Scénographie et conception de costumes

 Au cours des années 20 et des années 30, les costumes et les décors de théâtre des troupes canadiennes continuent de refléter les normes et les usages en vigueur à Londres et à New York.


Scénographie et conception de costumes

 Des documents historiques permettent d'avancer que, déjà à la fin du XVIIIe et au début du XIXe siècle, les troupes de théâtre amateurs et professionnelles canadiennes reconnaissent l'importance d'une conception soignée des décors et des costumes afin d'assurer le succès critique et commercial de leurs productions. Elles consacrent donc une grande part de leur budget à cet aspect de la création théâtrale. Comme il n'existe pas à cette époque de décorateurs professionnels, elles font appel à des peintres paysagistes et à des portraitistes. À la fin du XIXe siècle, les compagnies américaines et les troupes itinérantes britanniques dominent les arts de la scène au Canada, ce qui freine l'épanouissement d'une tradition proprement canadienne dans le domaine de la scénographie. Seule la troupe itinérante canadienne des Marks Brothers représente une exception. Établie à Christie Lake, en Ontario, elle se produit dès les années 1870 et jusqu'aux années 1920. Les Marks Brothers engagent régulièrement des paysagistes pour leurs tournées et, malgré les difficultés engendrées par le transport de l'équipement et des accessoires d'un bout à l'autre du pays, leurs spectacles présentent des décors et des costumes recherchés.

 Au cours des années 20 et des années 30, les costumes et les décors de théâtre des troupes canadiennes continuent de refléter les normes et les usages en vigueur à Londres et à New York. L'influence américaine se transmet à l'occasion de visites à New York, de contacts avec les départements de théâtre des universités américaines et de tournées aux États-Unis. Les normes britanniques sont introduites par des artistes en visite ou établis au Canada. Le FESTIVAL NATIONAL D'ART DRAMATIQUE, concours réservé aux amateurs créé en 1932 et organisé chaque année de 1933 jusque dans les années 70, ne prévoit pas d'indemnités de déplacement pour les scénographes ou les créateurs de costumes, qu'aucun prix ne vient d'ailleurs récompenser. La création d'un prix en l'honneur de Martha Jamieson comblera cette lacune. Toutefois la plaque figurant sur le prix comporte le nom de la compagnie et non celui du scénographe ou du créateur de costumes.

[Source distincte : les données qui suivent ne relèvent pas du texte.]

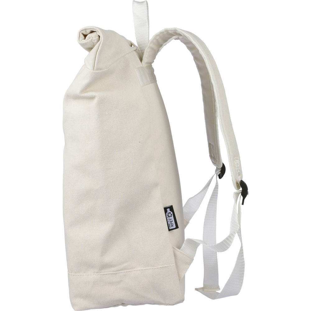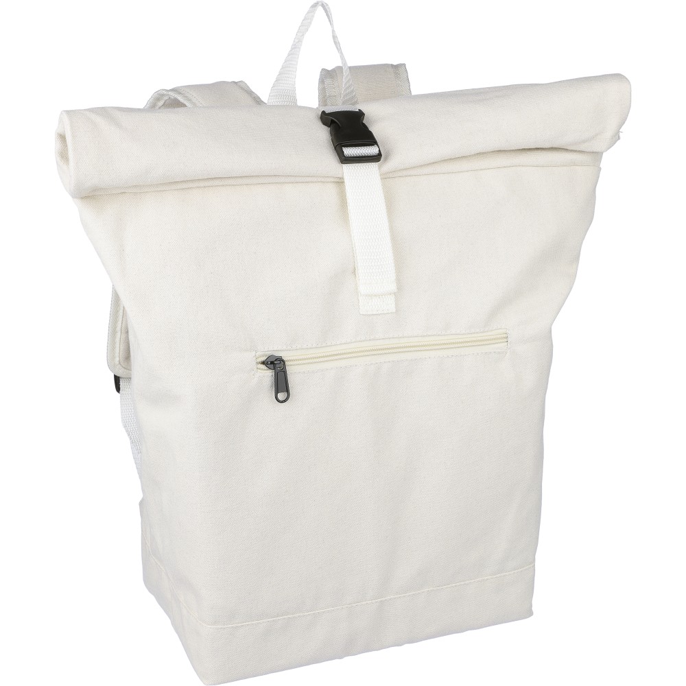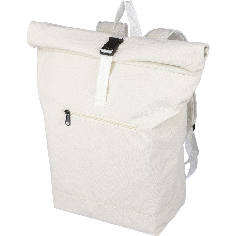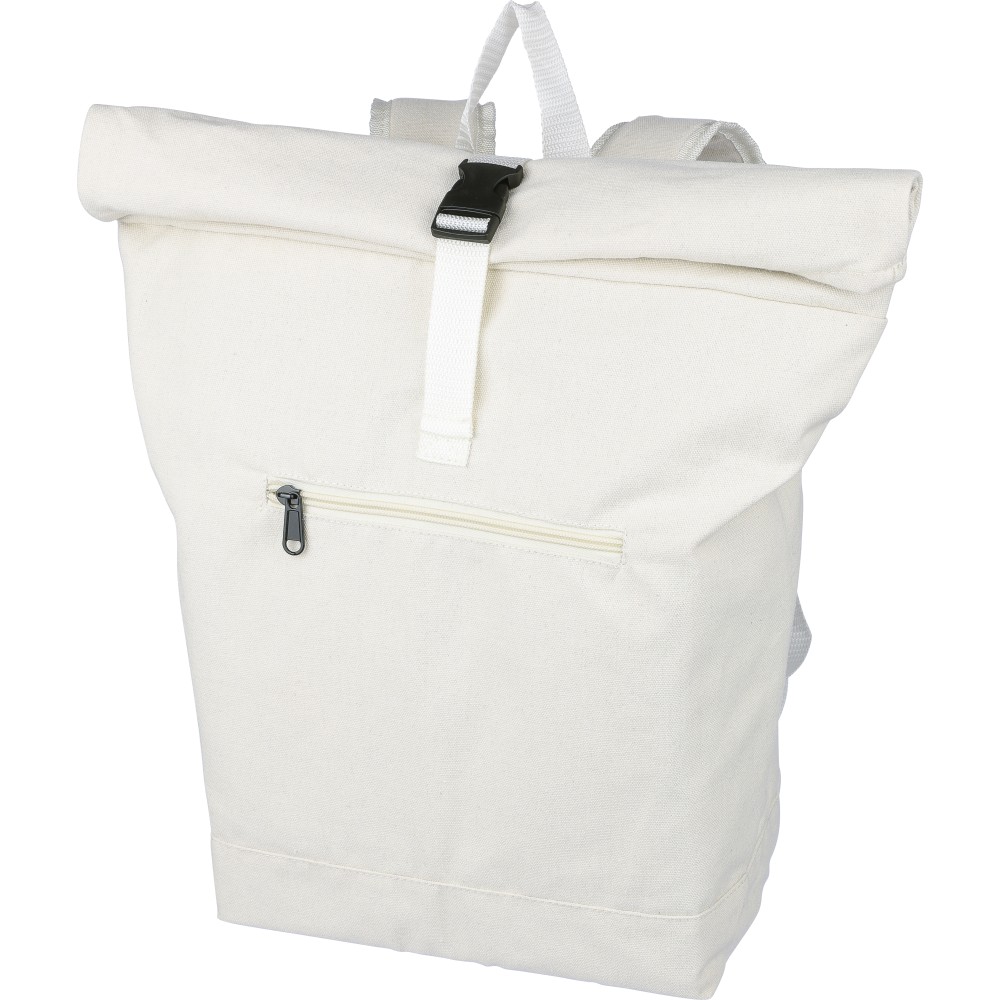 Rolltop hátizsák 330 g/m2 újahasznosított policotton anyagból, 210D poliészter béléssel és műanyag csattal. 15 literes űrtartalommal, egy nagy cipzáras rekesszel, 15"-es laptoptartó résszel, két belső és egy külső rekesszel. Tetején hordozófüllel, párnázott, állítható vállpánttal és egy kicsi, cipzáras elsőzsebbel. Teherbíró képessége 14 kg. Címkét tartalmaz. Emblémázás: Hímzés, Szitanyomás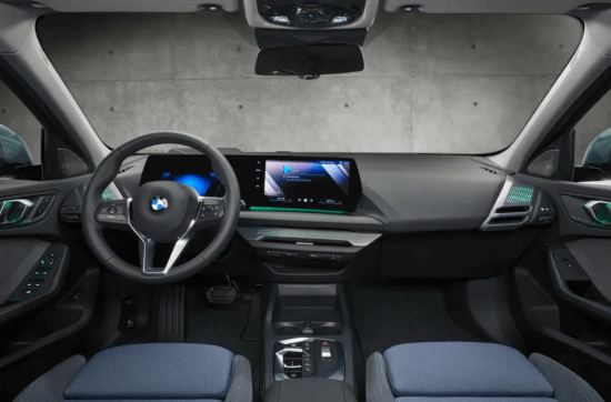 座舱方面,全新宝马1系中控台装配10.25英寸全液晶仪表和10.7英寸液晶中控屏构成的一体式双联屏,搭载OS 9车机系统,支持Quickselect快捷屏幕功能。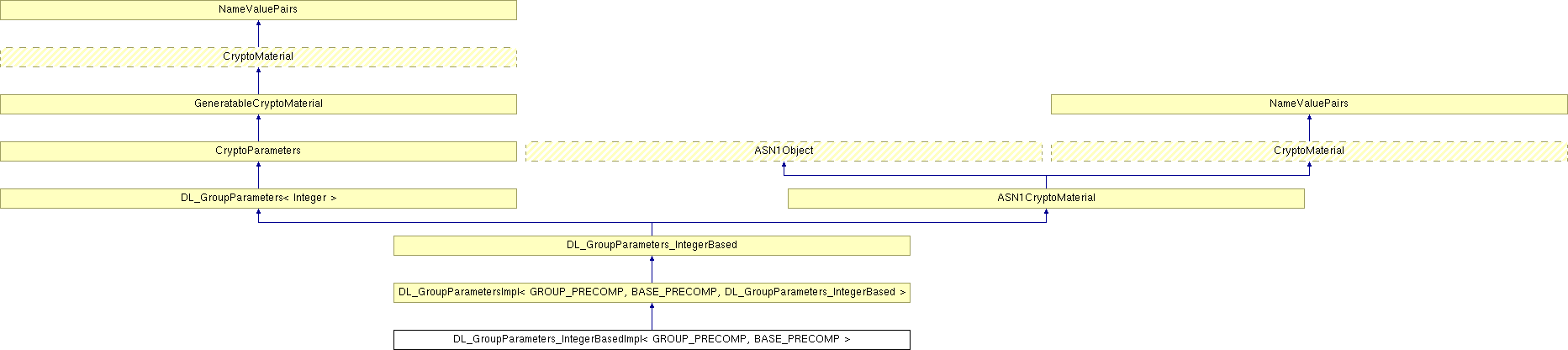 Inheritance diagram for DL_GroupParameters_IntegerBasedImpl< GROUP_PRECOMP, BASE_PRECOMP >: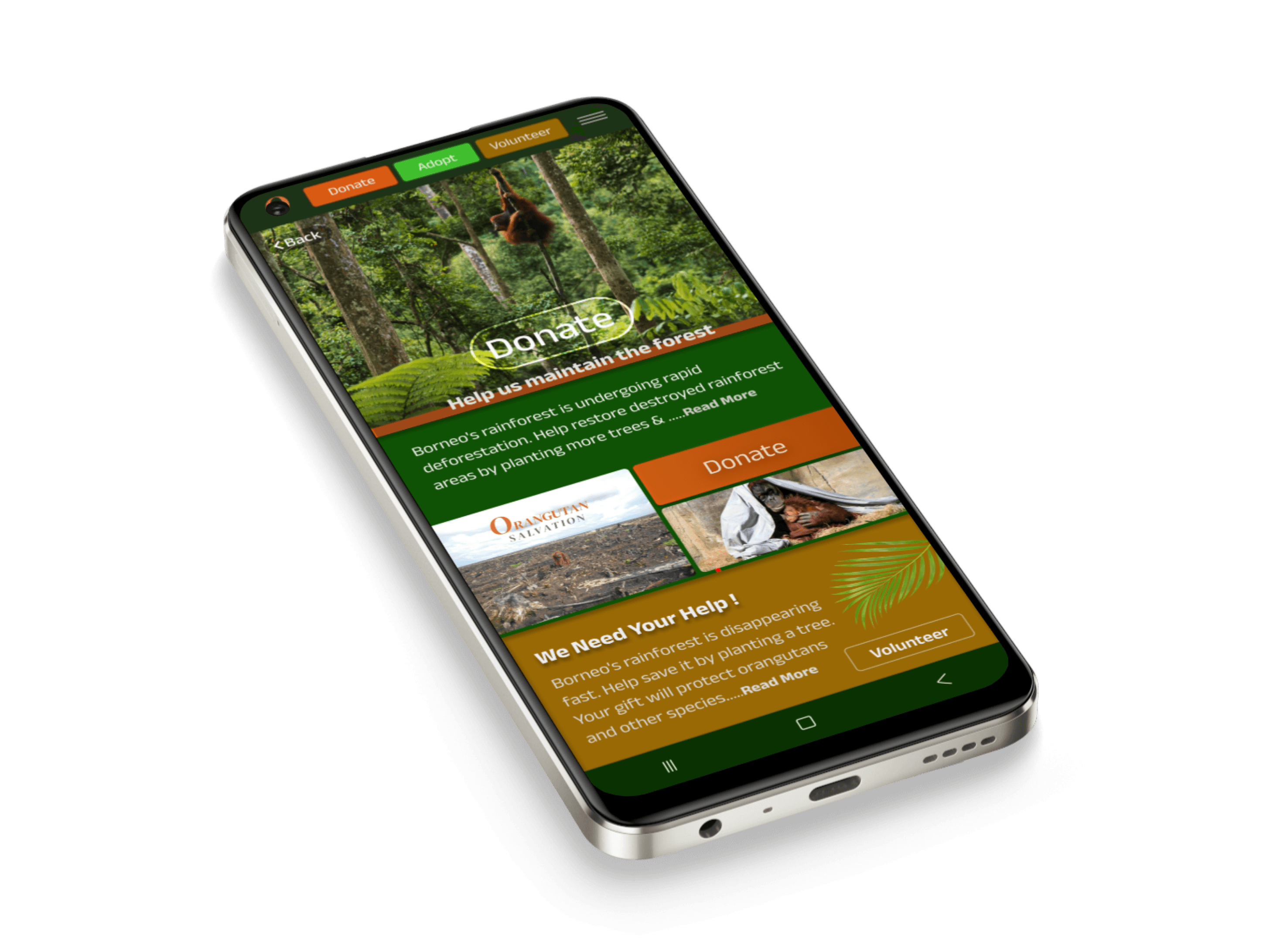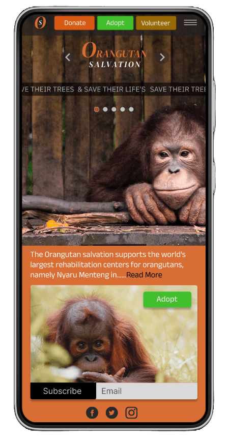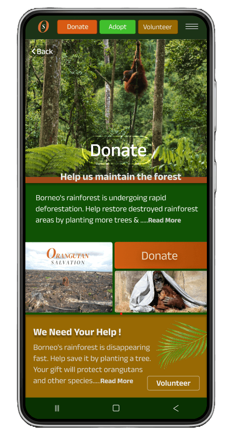 Users are guided on most screens with three clear calls to action (CTAs): Donate, Adopt, or Volunteer. These options encourage users to support Orangutan Salvation's efforts to repair and restore the orangutan habitat and ensure their survival. On smaller screens, such as Apple Watches, these options are accessible through a hamburger menu to optimize screen space.
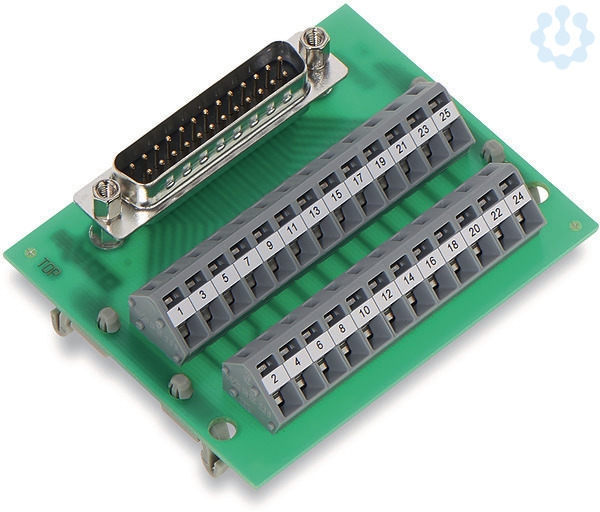 Übergabemodul; Sub-Min-D; Stiftleiste; 25-polig; Gegenstecker mit Schneidklemmanschluss; Steckrichtung vertikal; Leiterplattenklemmen, 2-reihig; mit Montagefüßen; 2,50 mm²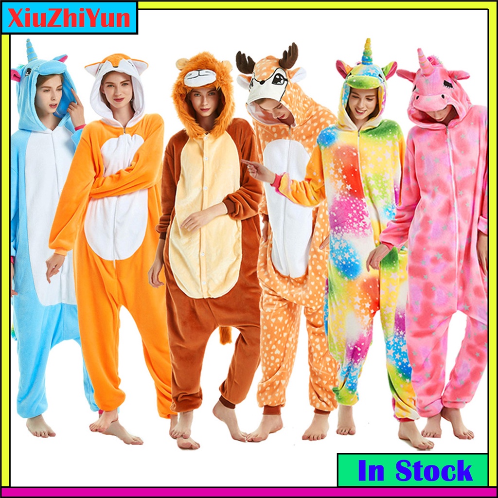 Roupa De Noite Feminina Unissex Inverno Raposa Leão Veado Desenho Animado Infantil Anime Fantasias Adultos Pijama De Flanela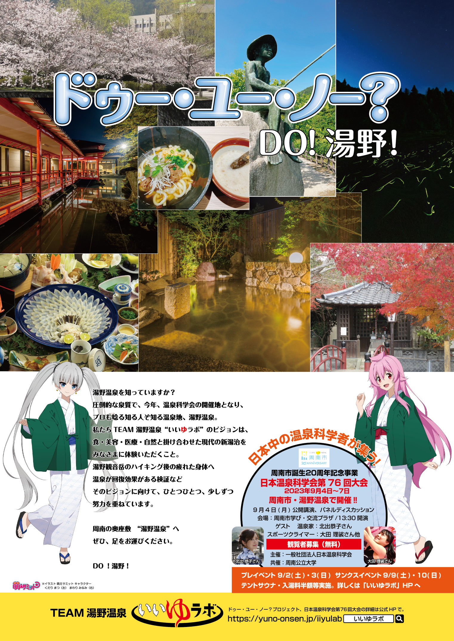 周南市、周南公立大学とともに、周南市の観光を盛 り上げる観点からも「周南市誕生20周年記念」として、「日本温泉科学会第 76 回大会」を周南市および湯野温泉で開催致します。

 Les compagnies amateurs bien établies copient les décors des productions originales ou demandent à des artistes locaux de les construire. Dans les années 20 et dans les années 30, des peintres connus, comme ceux du GROUPE DES SEPT, conçoivent des décors et des costumes pour le Hart House Theatre et l'Arts and Letters Club de Toronto. Des compagnies de location d'habits commencent à louer des costumes de scène. C'est ainsi que débute le costumier Mallabar, aujourd'hui d'envergure internationale. À l'époque, les costumes sont l'oeuvre de tailleurs et de créateurs anonymes et non d'artistes.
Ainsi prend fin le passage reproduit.